European insurance group Achmea has successfully priced its new Windmill II Re DAC (2020) catastrophe bond transaction at the 25% upsized target of EUR 100 million and with the coupon pricing reduced by 11% over the course of the deal’s marketing.
Netherlands headquartered primary insurance group Achmea returned to the catastrophe bond market at the beginning of June, looking to sponsor this Windmill II Re 2020 transaction as a renewal of its soon to mature cat bond backed reinsurance protection from a 2017 issuance.
The Windmill II Re DAC issuance sees Achmea looking to lock-in capital market backed reinsurance protection for two of its primary insurer subsidiaries, covering them for certain losses from European windstorm risks (which includes extratropical storms, convective storms, hail, tornadoes and other windstorm related events), on an indemnity trigger and per-occurrence basis across a four-year term.
The firm’s Achmea Reinsurance Company NV entity will play the role of ceding reinsurer, connecting with the capital market investors for this issuance, with the reinsurance coverage then provided onwards to two of Achmea’s main property insurance underwriting subsidiaries.
The offering began with a target size of EUR 80 million, but that was lifted by as much as 25%, with the single tranche of notes aiming for between EUR 80 million and EUR 100 million in size.
Now having priced, Achmea’s Windmill II Re cat bond will provide the insurance group with EUR 100 million of catastrophe reinsurance protection, a 25% increase from the initial target, we understand.
The EUR 100 million of notes being issued by Windmill II Re DAC, which are subject to an initial expected loss of 2.56%, were at first offered to cat bond investors with coupon price guidance in a range from 4.25% to 4.75%, but that then declined to the lowest-end at a 4.25% coupon.
But as we explained yesterday, that was reduced even further, with Achmea hoping to get the reinsurance protection at an even more favourable price, so the notes were offered with price guidance of 4% to 4.25% at the final stages of book building.
We now understand that Achmea has successfully had the notes priced with a 4% coupon spread, which reflects an 11% decrease in pricing from the initial mid-point of the guidance the cat bond was first marketed with.

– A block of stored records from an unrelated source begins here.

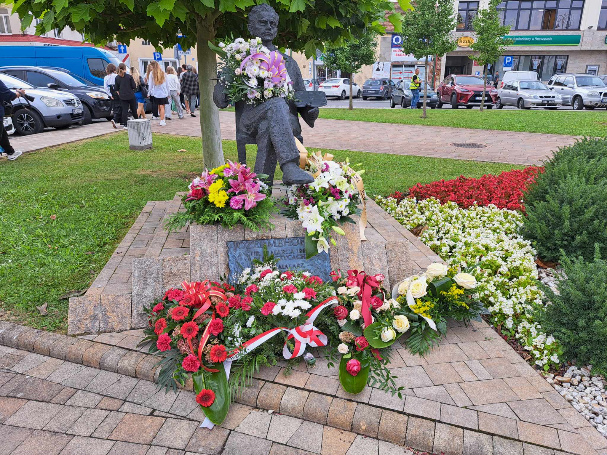 Po uroczystym odsłonięciu muralu miało miejsce złożenie kwiatów pod pomnikiem Józefa Mehoffera.
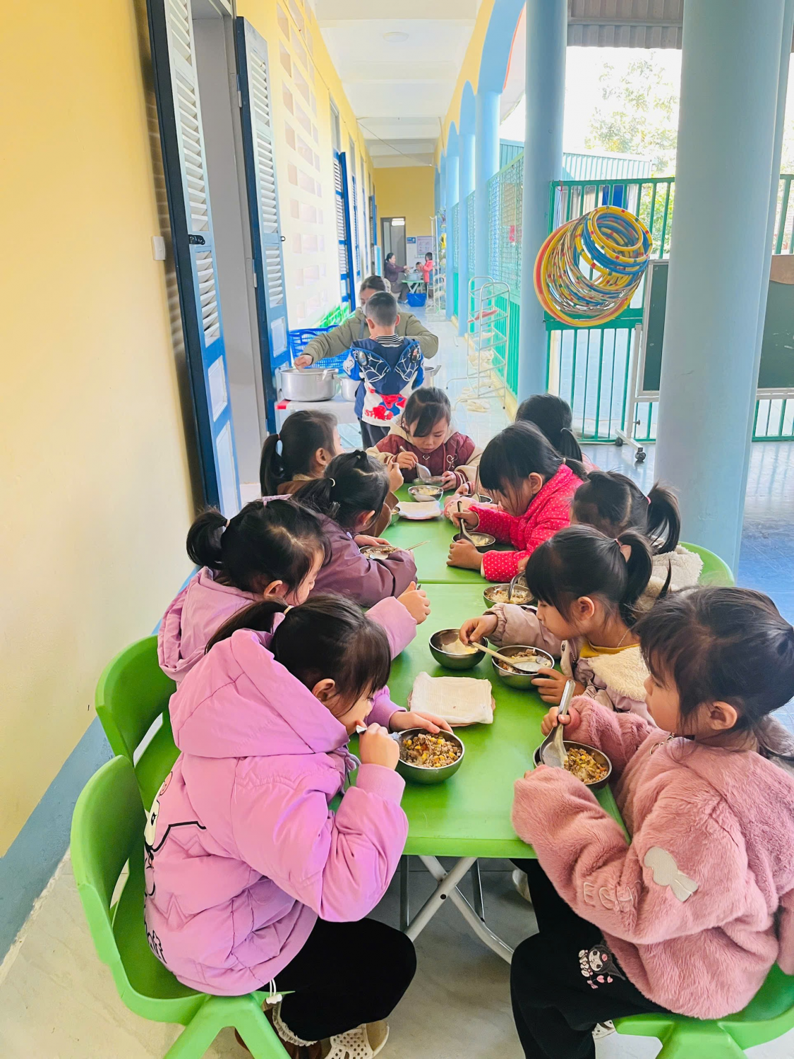 Đặc biệt với bữa ăn ở trường, trẻ được trải nghiệm một số kỹ năng thực hành đơn giản trong cuộc sống như: rửa tay, khi ăn, giúp cô chia bát, lau miệng,…Trẻ được ăn theo các nhóm nhỏ cùng nhau, giúp trẻ hào hứng thi đua ăn nhanh hết suất của mình, tạo tâm thế vui vẻ cho trẻ khi ăn. Những cảm giác đó giúp cho trẻ ăn ngon miệng và hấp thụ thức ăn tốt hơn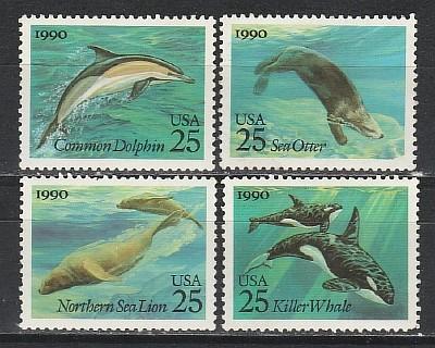 Морская Фауна, США 1990 год, 4 марки. совместный выпуск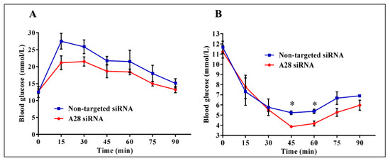 Metabolic testing in mice treated with ADAM28 siRNA. In vivo knock-down of ADAM28 reduces high fat diet-induced glucose intolerance (A), as demonstrated with glucose tolerance testing, and insulin resistance (B), as demonstrated with insulin tolerance testing in mice. * p < 0.05; (n = 3 mice/group).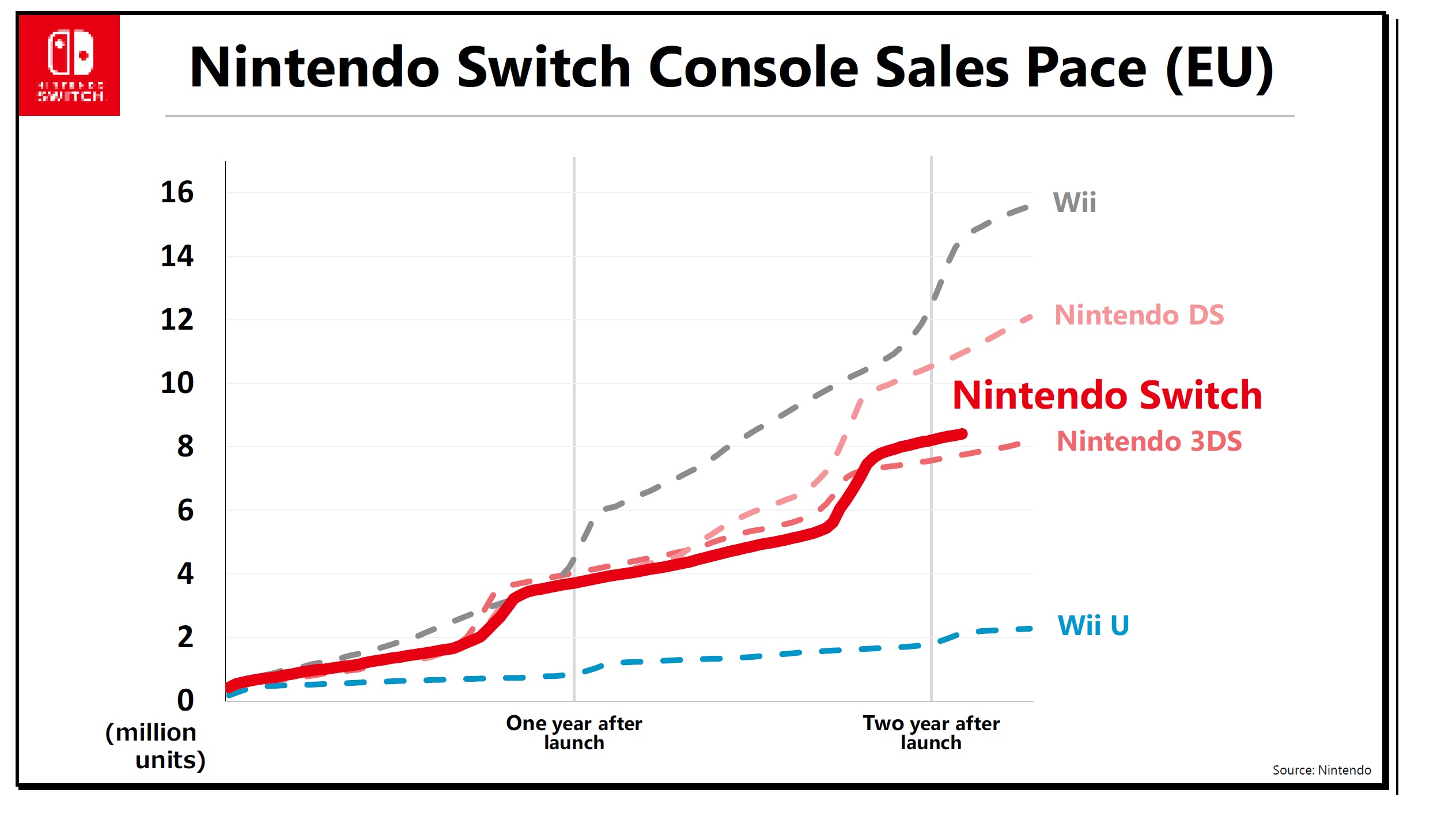 These are the figures for the European market. Since its second holiday season, Nintendo Switch has surpassed the pace set by Nintendo 3DS.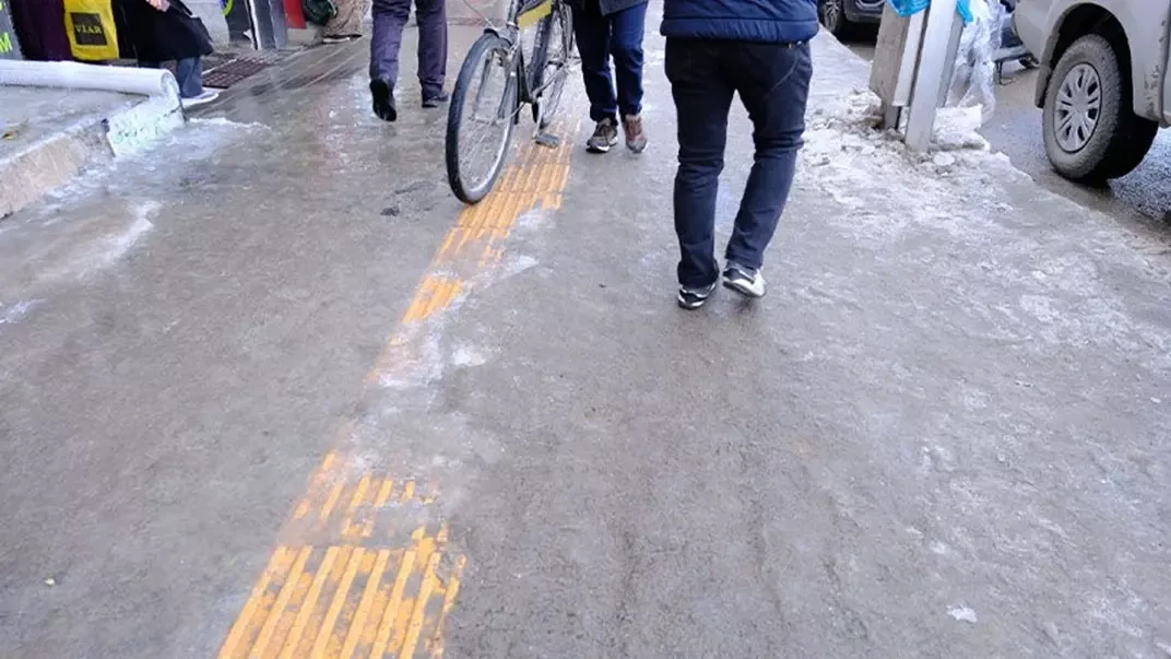Özellikle engelliler için yapılan sarı bantların üzerinde oluşan buzlar da hem engelli bireyleri hem de diğer vatandaşları zor durumda bırakıyor.

The Windmill II Re 2020-1 catastrophe bond now becomes one of the only transactions to price below guidance of recent months, when most cat bonds have tended to price upwards and some have done so significantly.
But, as we explained before, given this is a rare European peril cat bond, the deal will perhaps benefit from providing diversification to investors, as well as the almost perma-low status of European catastrophe reinsurance pricing, both of which will have helped to make the reinsurance coverage more economical for Achmea.
It will be interesting to see whether other European insurance companies take note, as it suggests the catastrophe bond market may be a very economical source of reinsurance capacity right now.